I wished I could do more to reassure him. “My husband has a great deal of experience locating missing persons. I can promise you he will do everything in his power to help find your daughter.”

“Grazie, signora,” he said.

We left the shop and walked to the river, following it to the Ponte alle Grazie, which would take us across the Arno near Santa Croce. “Do you really think something bad may have happened to Lena?” Cécile asked.

“Let us not forget that the original reason Colin wanted to come to Florence was because Kat’s house had twice been burgled,” I said. “Marzo wanted money, and the house may have something of value hidden in it. He might have been killed for trying to find it.”

“And Lena could have known what he was doing,” Cécile said.

“Marzo’s connection to the house keeps niggling at me. It belongs to Kat, not Colin, and Marzo works with Darius, not my husband.”

“The legend of the treasure is known throughout the city. His interest in it needn’t have stemmed from anything to do with his work.”

“True. But if the household staff is involved in Crown business, which I suspect they are, Marzo may have been a frequent visitor to the house long before we ever arrived in Florence.”

“It would be much simpler for us to figure out what is going on if Monsieur Hargreaves would take us into his confidence,” Cécile said. “Surely he knows we can both be trusted.”

“Of course he does,” I said, “but it’s not always for him to decide whom he can tell what. There’s a man above him whom I believe supervises it all. He’s called Sir John Burman. I overheard him and Colin talking about the situation in Florence before we came here. He’s a decent, honorable man whose role is to protect the empire and all her citizens. I’ve never heard a word spoken against him and am confident that Colin would not follow his direction if he had even the slightest doubt as to his character.”

“I should like to meet this Sir John and explain to him that his goals would be met with far greater speed if he would let you and me help. I could persuade him.”

“I have infinite faith in your ability to persuade, but Sir John would never succumb to any such temptation. He is a man of unshakable principle.”

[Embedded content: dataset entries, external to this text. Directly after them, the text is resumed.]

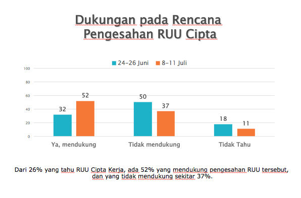 Mayoritas warga Indonesia yang mengetahui RUU Cipta Kerja saat ini mendukung pengesahan RUU tersebut pada Agustus 2020. Sekitar 52% menyatakan mendukung pengesahan RUU Cipta kerja pada Agustus 2020, sementara yang tidak mendukung 37%.
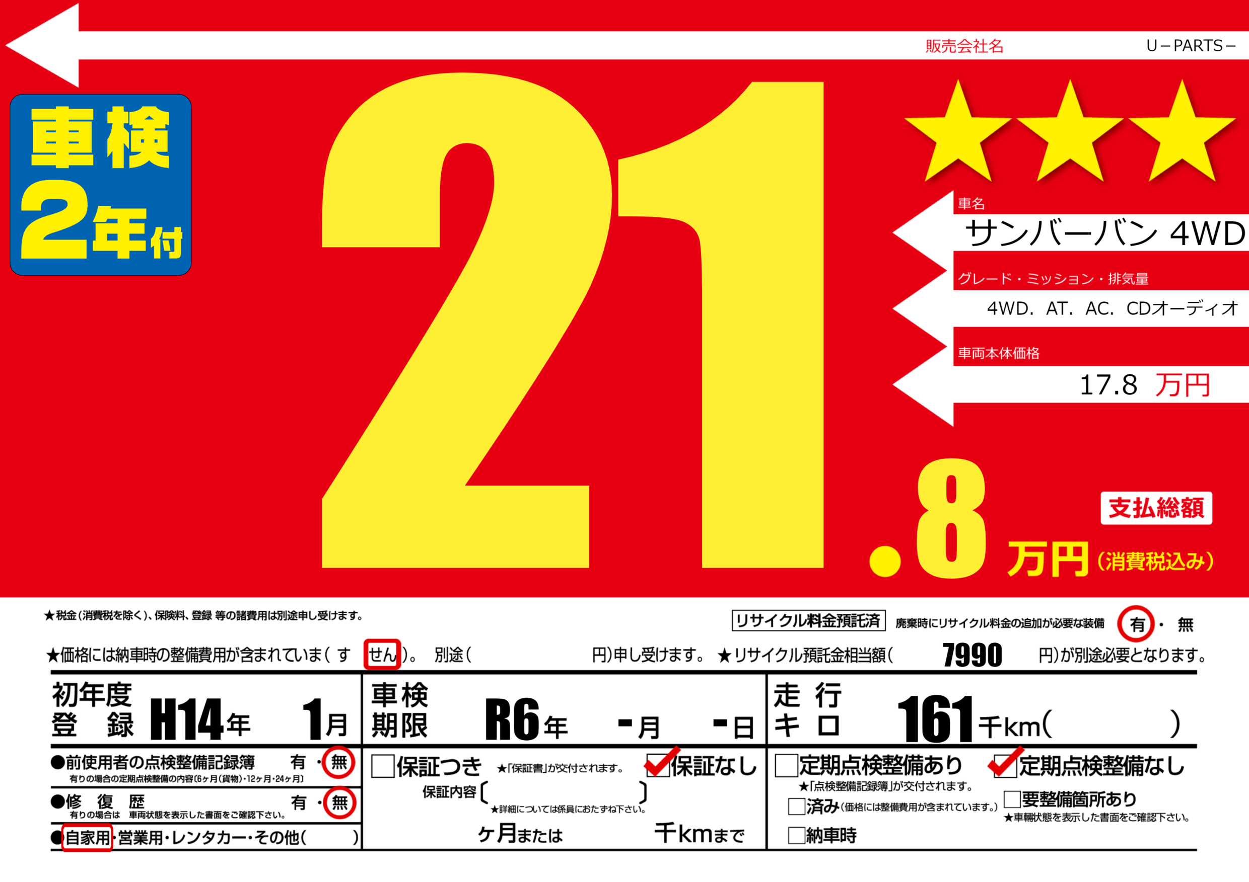 | 車名 | サンバーバン 4WD | グレード ミッション 排気量 |
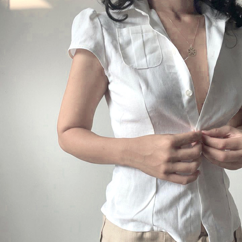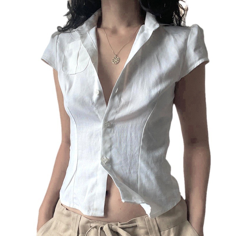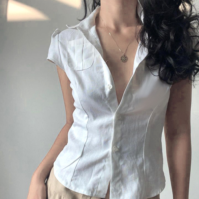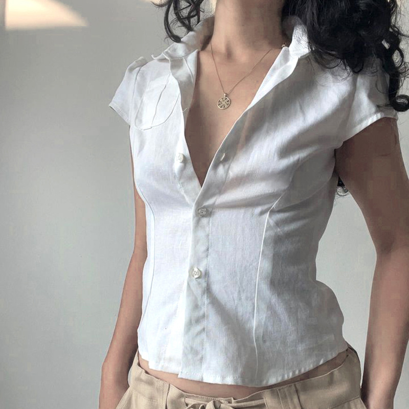 法式小众别致设计感上衣 天丝棉短袖v领薄款白色衬衫女夏新款
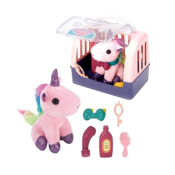 Λούτρινο ζωάκι μονόκερος με πλήρες σετ αξεσουάρ περιποίησης και φροντίδας και με υπέροχο σπιτάκι-τσαντάκι μεταφοράς για να το έχεις παντού μαζί σου.
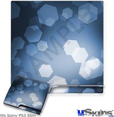 Decal Skin compatible with Sony PS3 Slim Bokeh Hex Blue
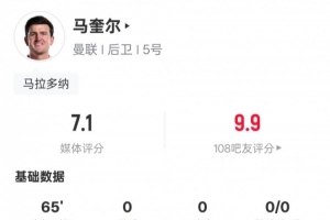 体育资讯5月2日讯 欧联杯半决赛首回合,曼联客场3-0毕尔巴鄂竞技。本场比赛马奎尔首发出战,送出2次关键传球,传球成功率达到97.1%,还有2次解围和1次抢断,评分7.1。
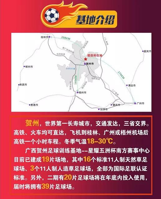 广西贺州足球小镇·星耀五洲杯南方赛事中心位于中国长寿之乡的贺州市,地处黄田镇境内比邻国家4A级景区姑婆山国家森林公园,这里是华南地区最大的天然氧吧。
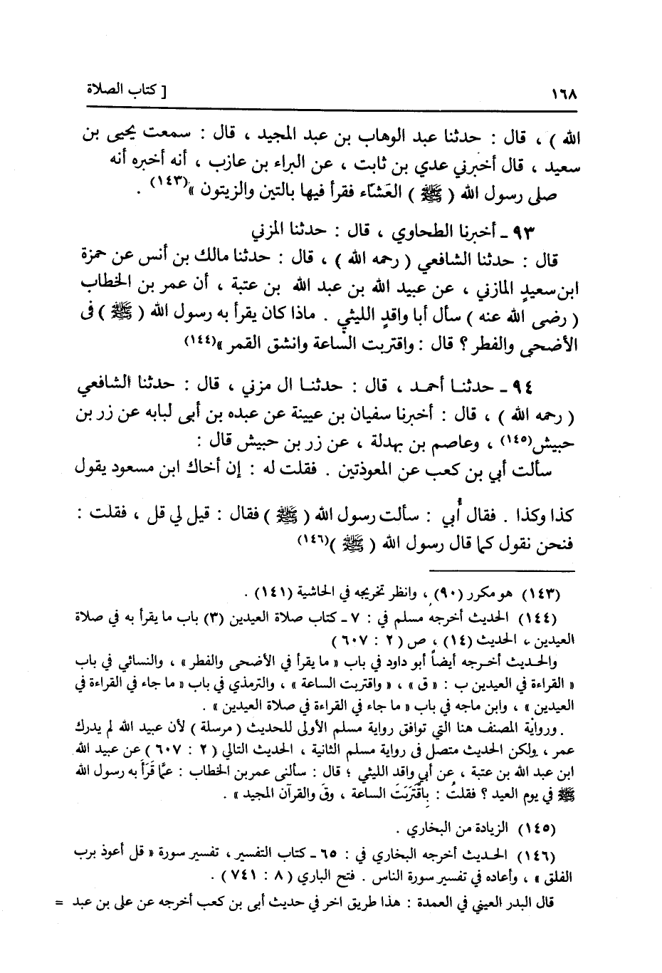 93 - أَنْبَأَنَا مَالِكُ بْنُ أَنَسٍ، عَنْ حَمْزَةَ بْنِ سَعِيدٍ الْمَازِنِيِّ، عَنْ عُبَيْدِ اللَّهِ بْنِ عَبْدِ اللَّهِ بْنِ عُتْبَةَ، أَنَّ عُمَرَ بْنَ الْخَطَّابِ، رَضِيَ اللَّهُ عَنْهُ سَأَلَ أَبَا وَاقِدٍ اللَّيْثِيَّ مَاذَا كَانَ يَقْرَأُ بِهِ رَسُولُ اللَّهِ صَلَّى اللهُ عَلَيْهِ وَسَلَّمَ فِي الْأَضْحَى وَالْفِطْرِ؟ قَالَ: كَانَ §يَقْرَأُ ق وَالْقُرْآنِ الْمَجِيدِ وَاقْتَرَبَتِ السَّاعَةُ وَانْشَقَّ الْقَمَرُ "
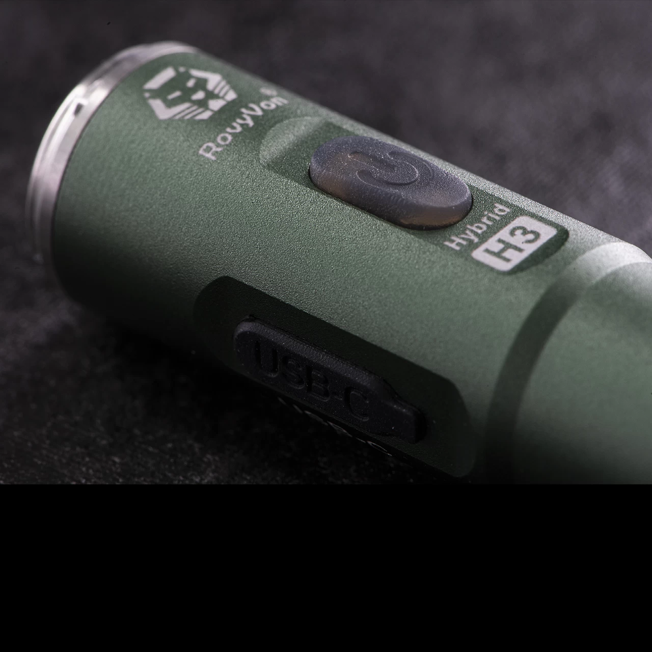 The Rovyvon H3 Hybrid Cree is supplied with a built-in 300mAh lipo battery that can be charged via the USB-C charging port, and it is also compatible with an AAA battery (1.5V Alkaline battery or rechargeable 1.2V NiMH battery) or rechargeable 10440 li-ion battery.

“That leaves us with you,” Cécile said. “Surely you could tempt Monsieur Hargreaves into telling us more. In exchange, you could give him timely updates of our own investigation instead of making him wait until we’ve solved the crime.”

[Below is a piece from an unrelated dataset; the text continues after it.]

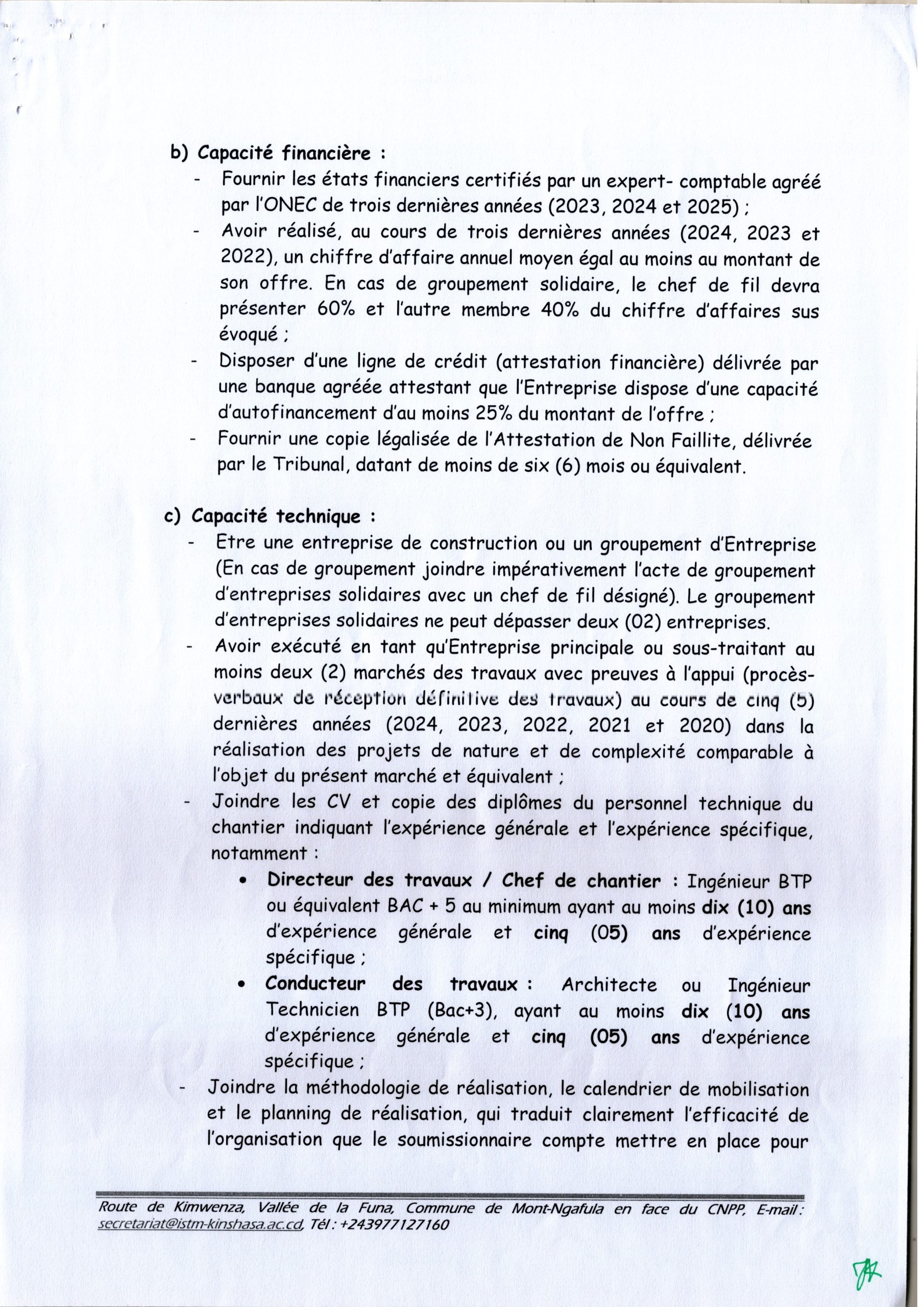 Travaux de rénovation de quelques locaux (6,18 et guérite) au profit de l’ISTM.
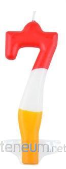 Świeczka urodzinowa w kształcie cyferki wykonana z trójkolorowego wosku: czerwonego, białego i żółtego. Wysokość świeczki 10,5 cm.

A stab of guilt pierced my abdomen. If only she knew my proposal for just such an arrangement had resulted in my agreeing to give information without receiving anything in return. “It would be wrong of me to entice him to act against his principles.”

CĂ©cile narrowed her eyes and remained silent for the rest of the walk to Santa Croce. Colin had been right. Deceiving her was exacting a heavy price from me.

Inside the church, we went straight to Dante’s monument. Reaching the spot on it that Lena had chosen as her ersatz postbox proved a challenge. Santa Croce, as usual, was crowded with tourists and their guides. I would not be able to hide what I was doing from all of them. Better, I decided, to abandon discretion entirely.

I let out a loud sob, threw my arm across my face, and spoke loudly. “Oh lasso, / quanti dolci pensier, quanto disio / menò costoro al doloroso passo!” There is no greater sorrow / Than to be mindful of the happy time / In misery, and that thy Teacher knows. “There can be nothing but sorrow for us, Great Poet, to know that we shall never have a new poem from you.”

I stepped forward and onto the bottom of the cenotaph. I had to get up higher, and gripped the wreath held by the sculpted mourner, but could tell it would not support my weight. As destroying Florence’s monument to her favorite son was unlikely to be met with favor, I looked for something I could use to boost myself up to the top of the next level of the sculpture, the rectangle upon which the empty sarcophagus sat. I put my arm around the waist of the female figure, got one foot onto the base, and heaved myself up. Then, as quickly as possible, I felt around beneath her arm and found an envelope. I grabbed it, shoved it into my jacket, and then tugged at my hat, removing one of the flowers decorating it. This, with great flourish, I placed on the top of the stone sarcophagus.

“You will never be forgotten, Dante Alighieri!” I wished I could remember another quote from The Divine Comedy, but, alas, I’d already used the only one I’d memorized. I leapt down from the monument. A herd of tourists had gathered to watch my antics, and a docent was approaching, a stern look on his face. Before he could scold me, I looped my arm through Cécile’s and dragged her out of the church, loudly reciting Oh lasso, / quanti dolci pensier, quanto disio / menò costoro al doloroso passo over and over until we escaped back into the piazza.

“That was quite a display, Kallista,” Cécile said. “Although a broader knowledge of Dante would have made it more impressive.”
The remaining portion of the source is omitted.